Everything marked “Brazil” these days is hotter than a churrasqueira at Carnivale. So it is no surprise that the world’s biggest asset management groups – always susceptible to the trends of the day – are super keen to feel the heat. In fairness, South America’s largest country does have the top three attributes considered essential for a booming money management business: a strong economy, deepening financial markets and a growing population.
For US firms, Brazil looks especially hot compared with opportunities at home. For example mutual fund assets under management are expected to grow by about 10 per cent annually, according to Credit Suisse, versus just 2 per cent per year in the US. In four years, 27 per cent of Brazil’s population will be middle-aged – the age bracket when folks like to put their money to work – compared with a fifth now. Meanwhile, geriatric westerners will be increasingly digging into their pension pots.
As with anything red hot, however, Brazil is also difficult to touch. The industry is stitched up by local banks, which pump investment products to retail investors through their extensive branch networks.
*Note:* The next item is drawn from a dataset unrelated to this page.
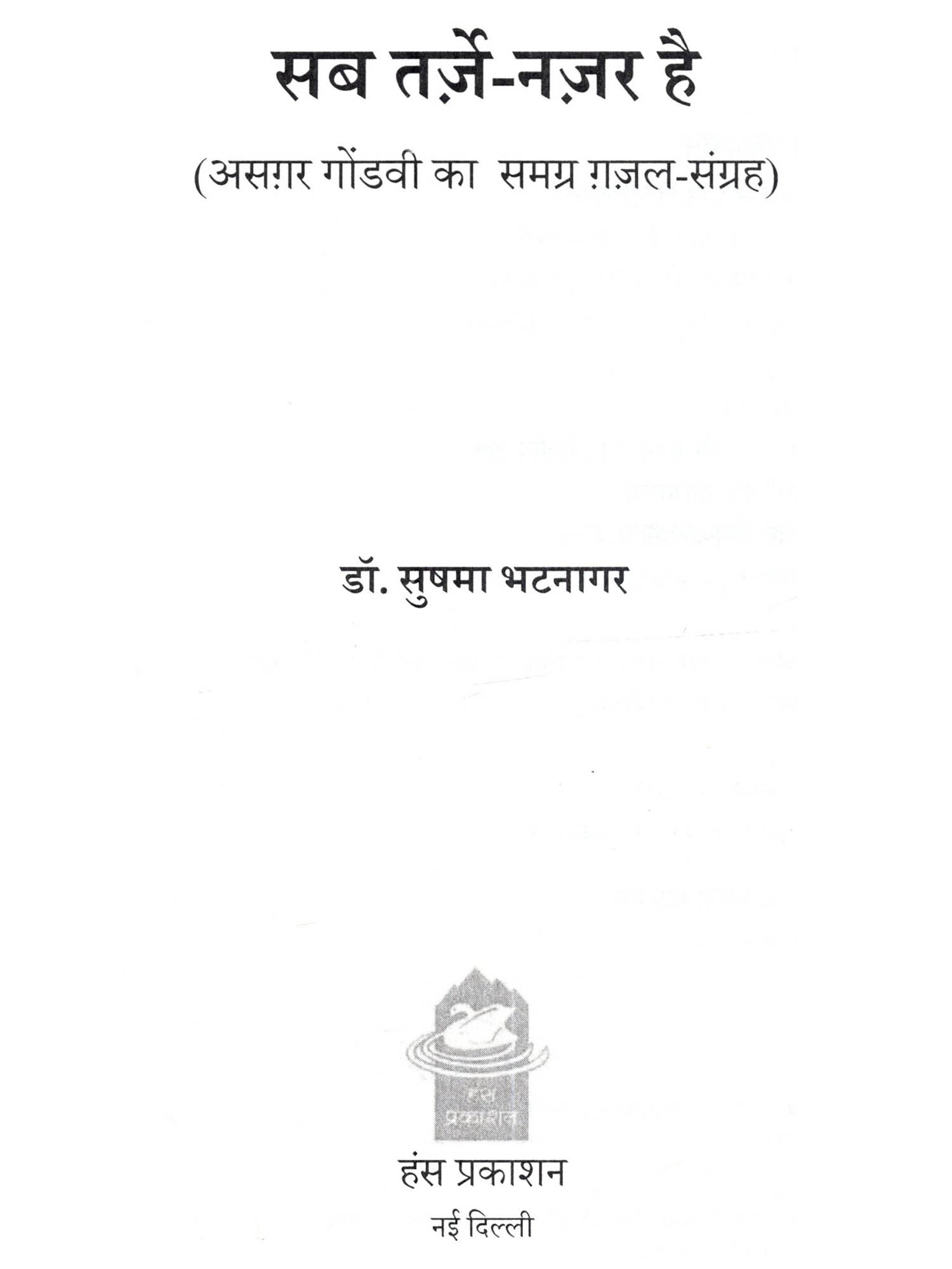 सुषमा भटनागर का लेखन विस्तार की अपेक्षा गहन शोध, अध्यवसाय एवं सूक्ष्म विश्लेषण का हामी रहा है। दिल्ली विश्वविद्यालय से एम. ए. और पी एच.डी. की उपाधि प्राप्त कर कुछ वर्ष लेडी श्री राम कॉलेज में अध्यापन। लोक सभा सचिवालय की समानांतर भाषांतरण सेवा में अधिकारी और फिर निदेशक के रूप में सेवानिवृत्त । तदुपरांत क्रमशः लेडी श्री राम कॉलेज एवं दिल्ली विश्वविद्यालय में अतिथि प्राध्यापक के रूप में साहित्य एवं भाषांतरण का अध्यापन । तीन आलोचनापरक पुस्तकों के अतिरिक्त उर्दू के विख्यात कहानीकार अली बाक़र के उर्दू कहानी संग्रह 'खुशी के मौसम' का हिंदी में अनुवाद, वाणी प्रकाशन से प्रकाशिता उर्दू, हिंदी ग़ज़ल पर विभिन्न पत्र-पत्रिकाओं में लेख एवं समीक्षाएं प्रकाशित। छात्र जीवन से ही उर्दू साहित्य में गहन रुचि होने के नाते आकाशवाणी दिल्ली की युववाणी एवं उर्दू सेवा के लिए उर्दू में फ़ीचर-लेखन, वार्ता एवं चर्चाओं में सक्रिय। पिछले अनेक वर्षों से असगर की शायरी का गहन अध्ययन एवं लेखन। उनकी शायरी पर क्रमशः दो आलेख प्रकाशित, 'लुत्फ़ जब है अपनी दुनिया आप पैदा कीजिए' (समकालीन भारतीय साहित्य, जुलाई-अगस्त 2002) तथा 'ज़माना आ रहा है जब उसे समझेंगे सब असग़र' (वाक्, वर्ष 2007, अंक2)। प्रस्तुत पुस्तक 'सब तर्जे नज़र है' उर्दू शायरी के कुछ कम पहचाने, कुछ अधिक विवादित शायर असगर गोंडवी की समग्र ग़ज़लों का प्रथम शब्दार्थ सहित संचयन है।

The biggest completely foreign mutual fund manager for example, BNY Mellon, is ranked 9th by assets under management, less than a tenth the size of market leader Banco do Brazil with $188bn. The sector is also fragmented and competitive, with over 200 independent managers.
As Brazil develops, further barriers to foreign entry – including rules on how much locals can invest overseas – will relax. But what would really help foreign asset managers with existing relationships, as well as those seeking to enter the market, would be for locals to need their global expertise. For that, Brazilian investments need to become less attractive: bond yields fall and local equity market cool off.